_EXERCISE REQUIREMENTS_
Please copy exactly the lines from the first in the records through the line that contains "Seepark ein Taufest.", but not the pictures.

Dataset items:

--------------------------------------------------

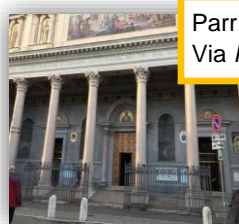
Parr. S.GIOACCHINO Via Pompeo Magno, 104

Venerdì mattina , le conferenze si terranno in 6 lingue diverse (Inglese, Spagnolo, Italiano, Portoghese, Francese e Polacco) e ci saranno 6 sedi destinate ai diversi gruppi linguistici.
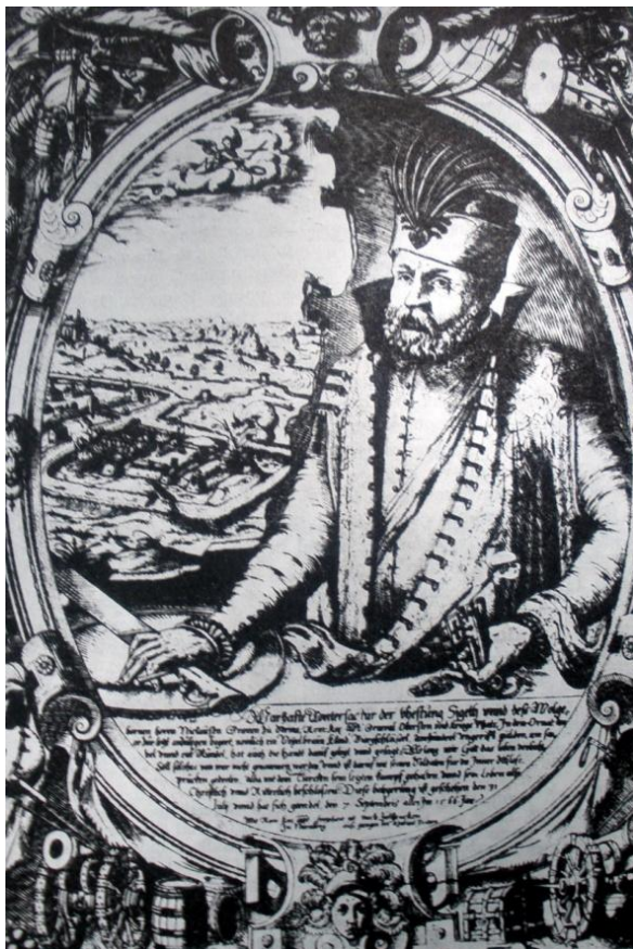
Prilog 7. Nikola Zrinski
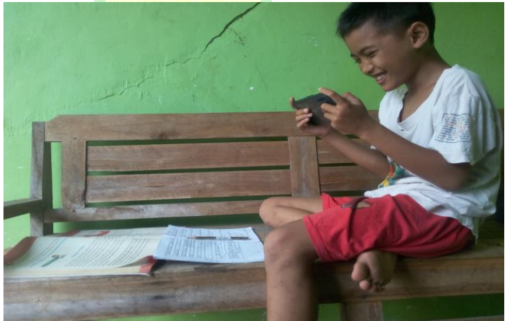
Keadaan siswa belajar dirumah
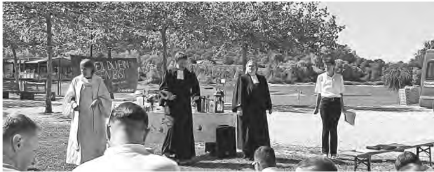
Die evangelischen Kirchengemeinden Pfüllendorf und Meßkirch feierten im Seepark ein Taufest.

Pfüllendorf/pa - Die Evangelische Kirche in Deutschland (EKD) startete im Frühsommer die Aktion #DEINETAUFE. Rund um den Johannistag am 24. Juni wurden Taufen gottesdienstlich oder Taufgottesdienste gefeiert. Die Evangelischen Kirchengemeinden Pfüllendorf und Meßkirch feierten ein großes Taufest unter dem Thema „Weil Du ein Segen bist“ im Seepark. Die Kirche mit Altar unter freiem Himmel war beim Strandbad aufgebaut. Bei strahlend blauem Himmel feierten die beiden Gemeinden den Gottesdienst zum Taufest. Die Erinnerung an die eigene Taufe und die Taufe von zehn Kindern, Jugendlichen und Erwachsenen waren der Höhepunkt. Die Täuflinge wurden von
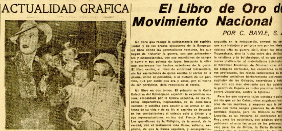
La Princesa de Polonia. Durante un momento en París, ha visitado la...
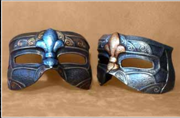
Loup Fleur de Lys 60$ Eye Mask Fleur de Lys
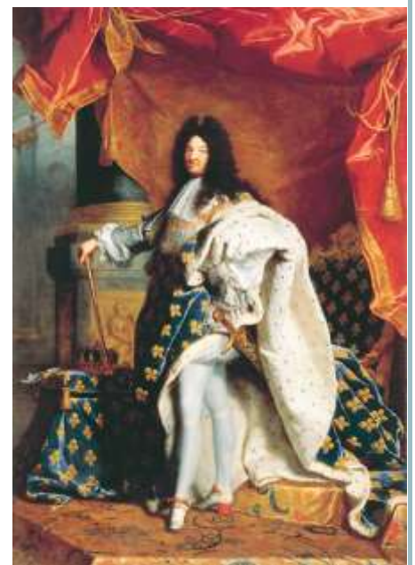
Hyacinthe Rigaud, Portret Ludwika XIV, 1701
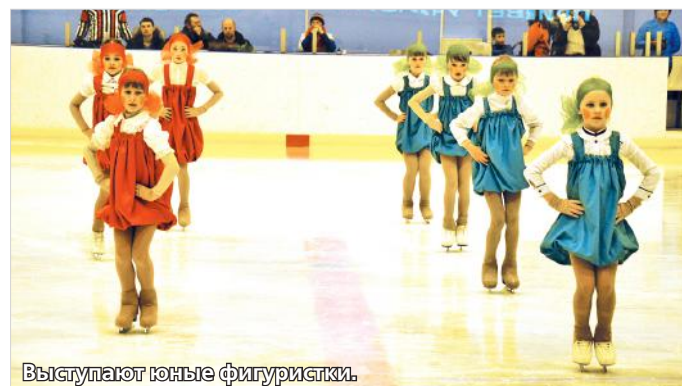
Выступают юные фигуристки.
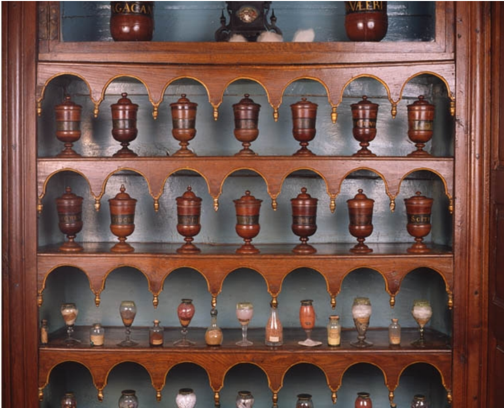
Vue d'ensemble des pots en bois sur l'étagère du mur est.
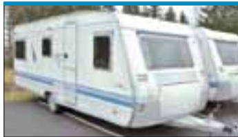
Adria C 563 UL 0 2001 11.990
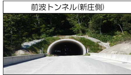
前波トンネル(新庄側)
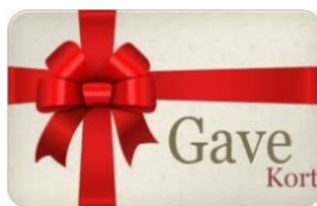
Gavekort til Velværemassage
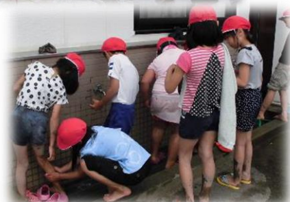
後始末は、友だちと助け合い。こんな姿も見られました。
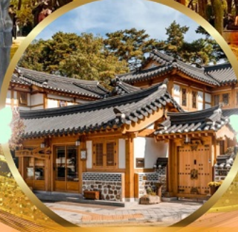
หมู่บ้านโบราณอินช็อง
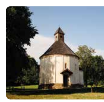
Cerkev sv. Nikolaja in Device Marije, Selo ROMANSKA ROTUNDA

Čas merjen v stoletjih ... je izobiljal številne sakralne, muzejske in kulturne objekte. Obiščite jih na vašem potepu in odkrivajte arhitekturne in umetnostne presežke dediščine Moravskih Toplic. Time measured in centuries... has given many sacred and cultural buildings and relics displayed in museum facilities. You can visit these establishments while exploring the area and its architectural and artistic artefacts which are part of the local heritage.
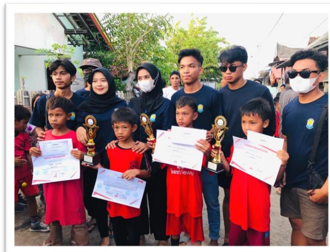
Gambar 10. Foto Bersama Juara Lomba Lato-Lato

Permainan tradisional lato-lato saat ini sedang menjadi tren di kalangan anak-anak, salah satu di antaranya terjadi di Desa Seruni Mumbul khususnya di dusun Mandar. Kegiatan ini dilaksanakan pada tanggal 10 Januari 2023, puluhan anak-anak sangat antusias mengikuti perlombaan lato-lato ini yang di selenggarakan oleh pemerintah desa setempat dan berkontribusi langsung dengan masyarakat, karang taruna dan teman-teman KKN. Meski permainan ini terlihat mudah namun nyatanya tidak semudah itu, dan juga permainan ini mempunyai dampak positif untuk mengurangi kecanduan terhadap dunia game yang sering dialami anak-anak. Perlombaan ini dimulai dengan babak penyisihan hingga terpilih 10

--------------------------------------------------

_TASK ANSWER_
Parr. S.GIOACCHINO Via Pompeo Magno, 104

Venerdì mattina , le conferenze si terranno in 6 lingue diverse (Inglese, Spagnolo, Italiano, Portoghese, Francese e Polacco) e ci saranno 6 sedi destinate ai diversi gruppi linguistici.
Prilog 7. Nikola Zrinski
Keadaan siswa belajar dirumah
Die evangelischen Kirchengemeinden Pfüllendorf und Meßkirch feierten im Seepark ein Taufest.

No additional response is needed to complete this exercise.